She agreed, her thoughts elsewhere. The journey continued with Charles making conversation, and Marie replying in monosyllables until he brought the car to a halt outside her front door. They
sat for a while, idly watching a couple approaching from the far end of the street, the man with his arm round the woman’s waist.

‘Are you going to ask me in for a cup of tea?’

Marie appeared not to have heard. ‘You know, I think I’m going to have to bring Alfie home. I can’t get him out of my mind. There’s something wrong there.’

‘Are you insane? You said yourself that if they hadn’t been evacuated, they’d almost certainly be dead. And at least half of what’s wrong there is Alfie, if you ask me.
Your mother was summoned to school to hear complaints about him twice, to my knowledge, and we hadn’t been courting ten months before they went to Bourne. If you want my opinion, the happiest
day of your parents’ lives was the day they waved him off.’

‘It was not. How can you say such a thing! Alfie’s a bit impish, but he’s not a bad lad at heart.’

‘A bit impish? Always up to no good, you mean, always playing some stupid prank on somebody. And even if he were the best lad in the world, how can you manage with him at home, with no one
to look after him?’

‘He’s eleven. He should be able to look after himself.’

Charles gave a wry smile, and shook his head. ‘There might be some 11-year-olds you’d dare trust in the house on their own, but I wouldn’t take a chance on Alfie. Just
don’t do anything hasty, Marie. My mother gave in to Danny and brought him home, and now she’s got even more reason to be terrified during the bombing, and he’s got her on a
string, the crafty little twerp. Don’t let Alfie pull the wool over your eyes. Give it a bit longer, see how things go. It’ll probably do him the world of good to be somewhere where
he’s not coddled. Toughen him up a bit.’

‘He might not survive being toughened up by a lad twice his size; Ernie strikes me as a nasty piece of work. And his mother’s face would turn the milk sour. They haven’t a good
word for our Alfie, either of them.’

‘Well, just let’s forget about Alfie for a bit. Are you going to ask me in?’
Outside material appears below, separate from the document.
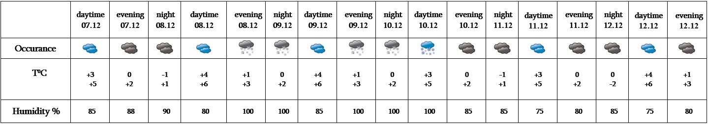 In the daytime of December 7, on 8-10 from time to time light precipitation is predicted in the form of wet snow and mixed rain and snow, on 11-12 no precipitation is predicted. At night and in the morning fog is predicted.

She nudged him and nodded towards the couple who were approaching, linked arm in arm.

‘That’s Hannah, that woman who cleans for your mother, isn’t it?’ Marie said. ‘I thought her husband was on the convoys.’

‘He is.’

‘That’s not him, then. He’s in an army uniform.’

Charles eyebrows shot up, and his eyes widened. ‘So he is!’

‘Mam! Mam!’ A little girl dashed out of a gate and ran to greet her. As soon as she was within striking distance Hannah landed a slap on her face that sent her reeling off the
pavement and into the road.

Marie jumped out of the car and bounded down the street, reaching them just as Hannah was inserting the key into her front door.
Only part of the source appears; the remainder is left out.